In frame 55 we are analyzing relation 1249 (pg_attribute):

(gdb) f 55
#55 0x00005583c60ed155 in analyze_rel (relid=<optimized out>,
relation=0x5583e8ef9fa0, params=params@entry=0x5583e8e9bda4,
va_cols=0x0,
    in_outer_xact=<optimized out>, bstrategy=<optimized out>) at analyze.c:262
262                     do_analyze_rel(onerel, params, va_cols, acquirefunc,
(gdb) p *relation
$1 = {type = T_RangeVar, catalogname = 0x0, schemaname =
0x5583e8ef3308 "pg_catalog", relname = 0x5583e8ef32e0 "pg_attribute",
inh = true,
  relpersistence = 112 'p', alias = 0x0, location = -1}
(gdb) p *onerel
$2 = {rd_node = {spcNode = 1663, dbNode = 5, relNode = 1249}, rd_smgr
= 0x5583e8eb98c0, rd_refcnt = 2, rd_backend = -1,
  rd_islocaltemp = false, rd_isnailed = true, rd_isvalid = true,
rd_indexvalid = true, rd_statvalid = false, rd_createSubid = 0,
  rd_newRelfilenodeSubid = 0, rd_firstRelfilenodeSubid = 0,
rd_droppedSubid = 0, rd_rel = 0x7fa774102d38, rd_att = 0x7fa774102e50,
  rd_id = 1249, rd_lockInfo = {lockRelId = {relId = 1249, dbId = 5}},
rd_rules = 0x0, rd_rulescxt = 0x0, trigdesc = 0x0, rd_rsdesc = 0x0,
  rd_fkeylist = 0x0, rd_fkeyvalid = false, rd_partkey = 0x0,
rd_partkeycxt = 0x0, rd_partdesc = 0x0, rd_pdcxt = 0x0,
  rd_partdesc_nodetached = 0x0, rd_pddcxt = 0x0,
rd_partdesc_nodetached_xmin = 0, rd_partcheck = 0x0, rd_partcheckvalid
= false,
  rd_partcheckcxt = 0x0, rd_indexlist = 0x7fa774120298, rd_pkindex =
2659, rd_replidindex = 0, rd_statlist = 0x0, rd_indexattr = 0x0,
  rd_keyattr = 0x0, rd_pkattr = 0x0, rd_idattr = 0x0, rd_pubdesc =
0x0, rd_options = 0x0, rd_amhandler = 3,
  rd_tableam = 0x5583c6b0bf00 <heapam_methods>, rd_index = 0x0,
rd_indextuple = 0x0, rd_indexcxt = 0x0, rd_indam = 0x0, rd_opfamily =
0x0,
  rd_opcintype = 0x0, rd_support = 0x0, rd_supportinfo = 0x0,
rd_indoption = 0x0, rd_indexprs = 0x0, rd_indpred = 0x0, rd_exclops =
0x0,
  rd_exclprocs = 0x0, rd_exclstrats = 0x0, rd_indcollation = 0x0,
rd_opcoptions = 0x0, rd_amcache = 0x0, rd_fdwroutine = 0x0,
  rd_toastoid = 0, pgstat_enabled = true, pgstat_info = 0x5583e8eb0090}

It makes sense that pg_attribute would experience a lot of churn,
since we just add & drop tables.

We call vac_update_relstats, which does an in-place update to pg_class
(frame 53).

Within vac_update_relstats, we call system_inplace_update_begin, which
LWLocks the buffer we want to update.
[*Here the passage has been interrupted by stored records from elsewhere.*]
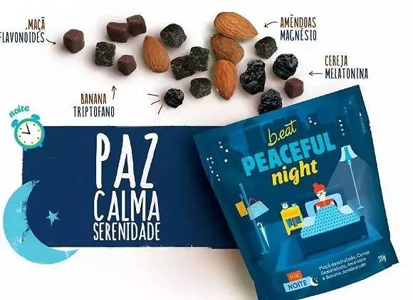 还有巴西No Tom Ind. Com. Imp. Exp.de Alimentos(B.eatfood)公司生产的夜间坚果零食,采用脱水苹果、樱桃、香蕉和巴旦木等原料。产品包装明确告诉你,它想营造一个放松和减压的夜晚。
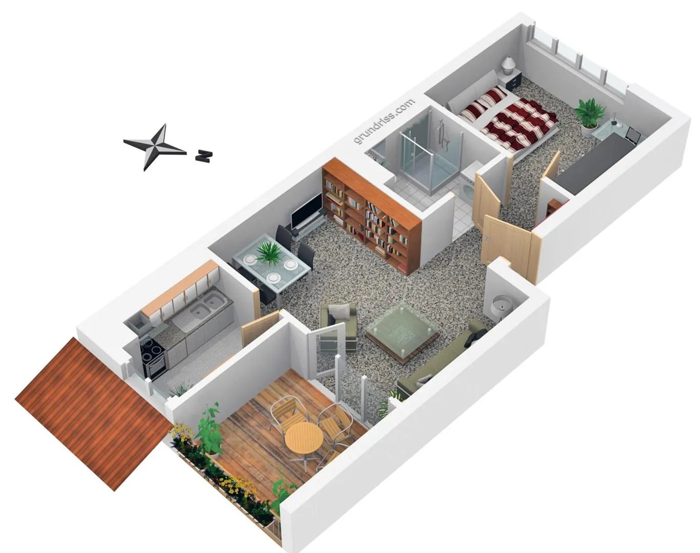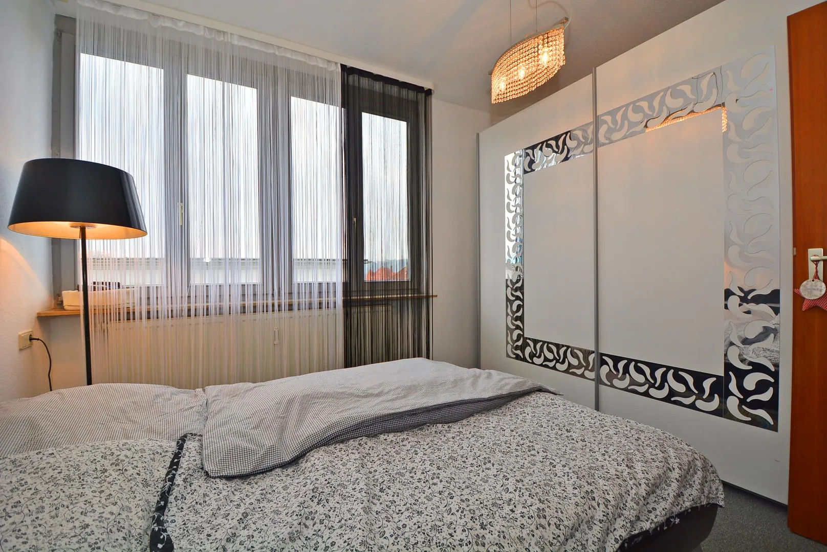 Das Wohnzimmer und die Küche sind nach Süd-/Osten ausgerichtet. Das Schlafzimmer ist nach Nord-/Westen ausgerichtet.
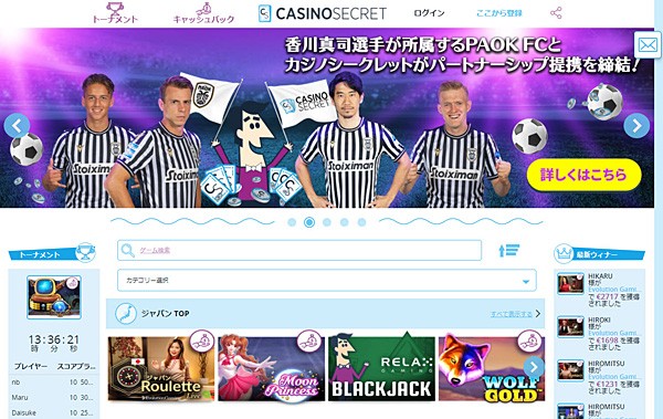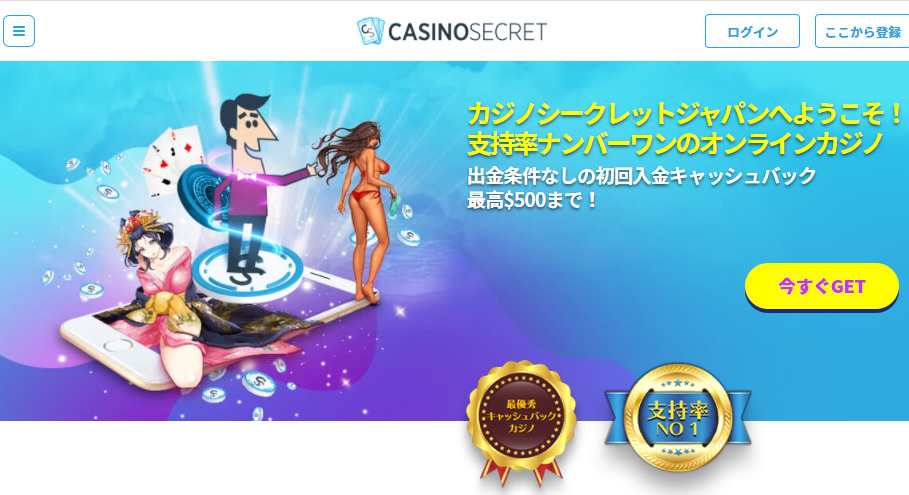 インスタントキャッシュバック(出金条件なし)を最大の売りとしており、負けた分の一部がリアルタイムで自動的に還元されるため、プレイヤーのリスクを抑えた遊び方ができます。CASINOSECRET CLUBという専用ライブカジノテーブルも運営しています。
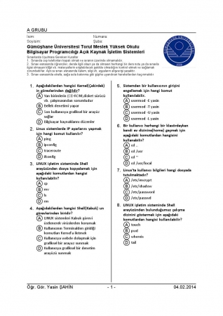 Vize ve Final Soruları / Karadeniz Teknik Üniversitesi / Sunucu İşletim Sistemi
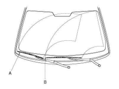 2. Remove the windshield wiper arm(A) and blade(B).
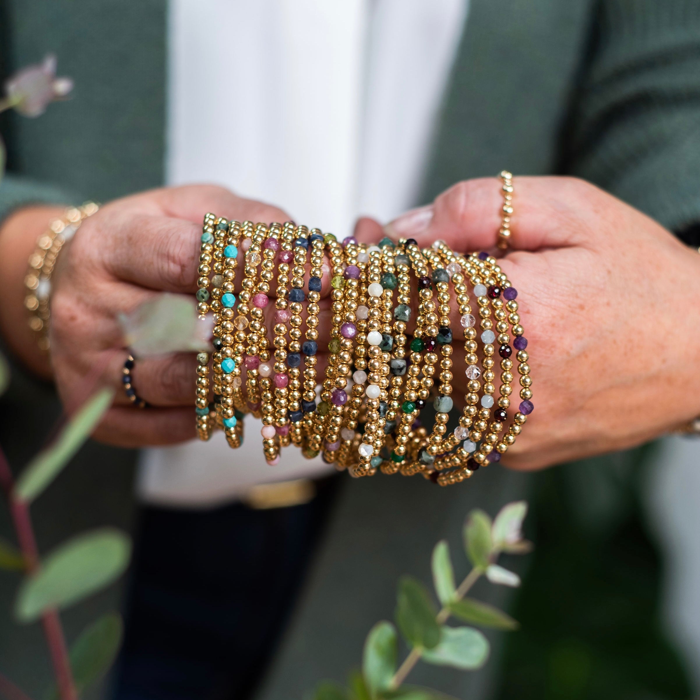 Add a pop of colour to your stack with our stunning meaningful birthstone beaded bracelet.
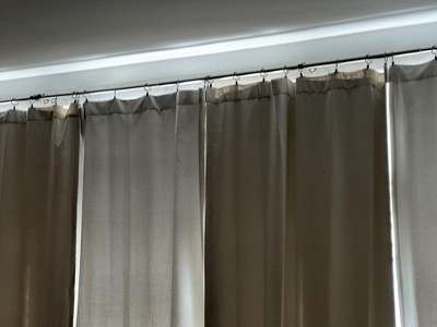 We were looking for white linen-like, blackout curtains. We liked the weave of this fabric, and the linen look. Blackout meant sold. Fulfilling the order of four panels took over a week. We hung the next day we received them, which was a sunny day. With a blackout shade already in the window, we proved that the curtains are not 100% blackout. That said, we do think the white looks great against the soft white colored walls, for the coastal look. And the room darkening curtains with the blackout shade will work. But still, we wanted 100% blackout for this room. The panels are fortunately all the same length. We hung these curtains with Target's Threshold curtain ring clips, and needed double the rings (14, not 7) due to the weight of each panel. We are satisfied with the price point, color, fabric look, and the accuracy of the panel length. The curtains really are room darkening, but not blackout.
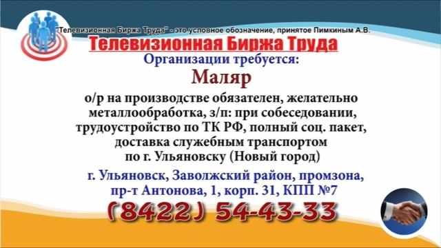 Вакансии и телефоны прямых работодателей в специализированной программе по трудоустройству "Телевизионная Биржа Труда" - г.Ульяновск
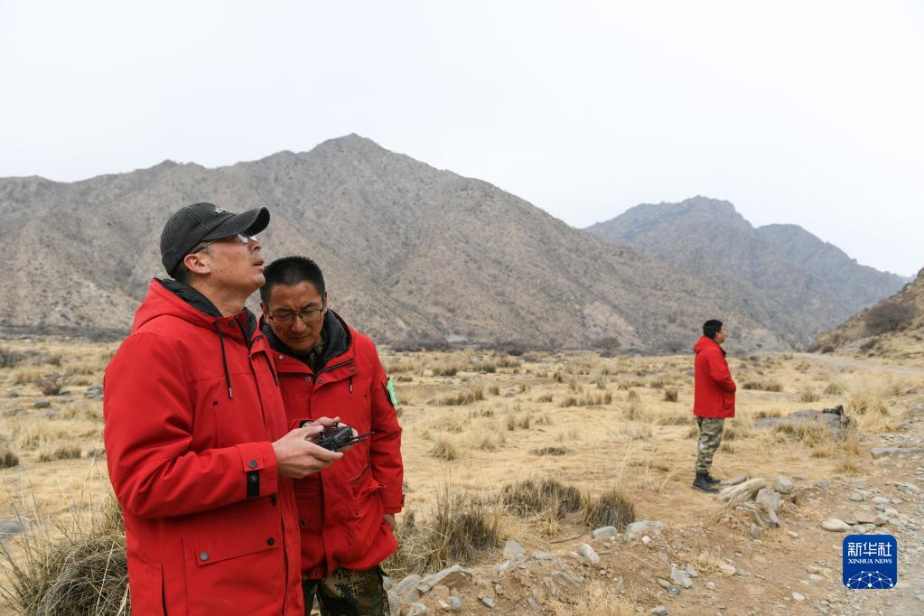 2月17日,哈拉烏管理站管護員達來(lái)(左)利用無(wú)人機開(kāi)展巡護。
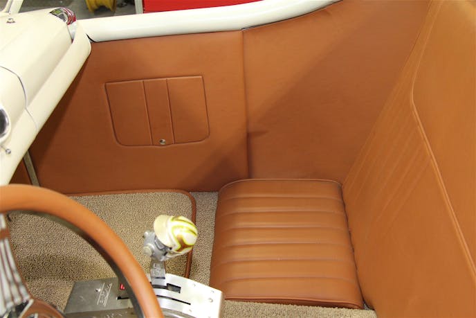 The windshield is custom glass and frame, raked to make the overall stance and appearance look like it came out of the ’50s heading to the dry lakes. The interior sports two bucket seats and full panels and trim by Old Town Upholstery.
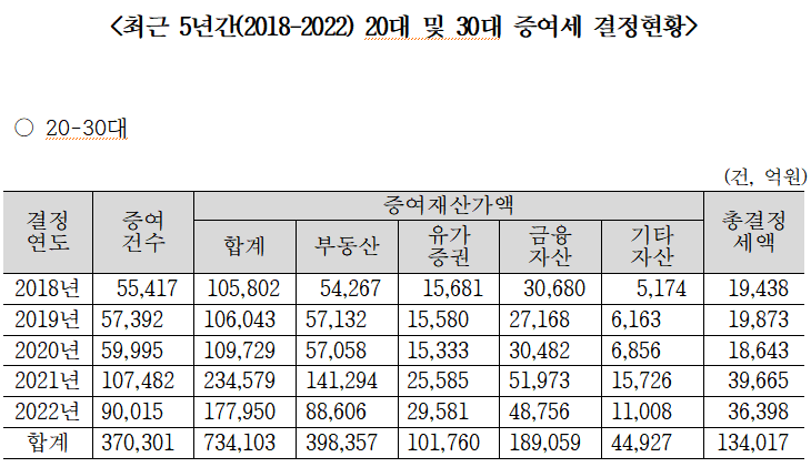 지난 5년간(2018-2022) 20대 증여는 증여세결정건수 기준 15만 3,654건, 재산가액으로는 27조 20억원에 달했고, 30대 증여는 21만 6,647건, 재산가액으로는 46조 4,082억원에 달했다.

That's the first part of the
self-deadlock. But it's no problem yet. We proceed in
vac_update_relstats to sys_inplace_update_finish. . . .

That sends an inplace invalidation message for the pg_class tuple
(frame 50). So we need to replace the tuple in the pg_class catcache.
But before we do that, we make sure the catcache is initialized (frame
47):

    /* Just in case cache hasn't finished initialization yet... */
    if (ccp->cc_tupdesc == NULL)
        CatalogCacheInitializeCache(ccp);

That locks pg_class with AccessShareLock, which looks for pending
invalidation messages (frame 43).

It finds one invalidating the relcache for pg_class:

(gdb) f 41
#41 0x00005583c67714fe in LocalExecuteInvalidationMessage
(msg=0x7ffebf644a40) at inval.c:666
666
RelationCacheInvalidateEntry(msg->rc.relId);
(gdb) p *msg
$9 = {id = -2 '\376', cc = {id = -2 '\376', dbId = 5, hashValue =
1259}, cat = {id = -2 '\376', dbId = 5, catId = 1259}, rc = {
    id = -2 '\376', dbId = 5, relId = 1259}, sm = {id = -2 '\376',
backend_hi = -47 '\321', backend_lo = 59642, rnode = {spcNode = 5,
      dbNode = 1259, relNode = 32679}}, rm = {id = -2 '\376', dbId =
5}, sn = {id = -2 '\376', dbId = 5, relId = 1259}}

(Btw where did this message come from?)

So we have to rebuild the relcache for pg_class. Obviously we need to
look up its entry in (heh) pg_class (frame 37). So we open that table
with an AccessShareLock, which looks for pending invalidation messages
(frame 32). We find one telling us to invalidate 2662
(pg_class_oid_index):

(gdb) f 30
#30 0x00005583c67714fe in LocalExecuteInvalidationMessage
(msg=0x7ffebf644640) at inval.c:666
666
RelationCacheInvalidateEntry(msg->rc.relId);
(gdb) p *msg
$12 = {id = -2 '\376', cc = {id = -2 '\376', dbId = 5, hashValue =
2662}, cat = {id = -2 '\376', dbId = 5, catId = 2662}, rc = {
    id = -2 '\376', dbId = 5, relId = 2662}, sm = {id = -2 '\376',
backend_hi = -47 '\321', backend_lo = 59642, rnode = {spcNode = 5,
      dbNode = 2662, relNode = 32679}}, rm = {id = -2 '\376', dbId =
5}, sn = {id = -2 '\376', dbId = 5, relId = 2662}}

I guess that is coming from the add & drop table commands.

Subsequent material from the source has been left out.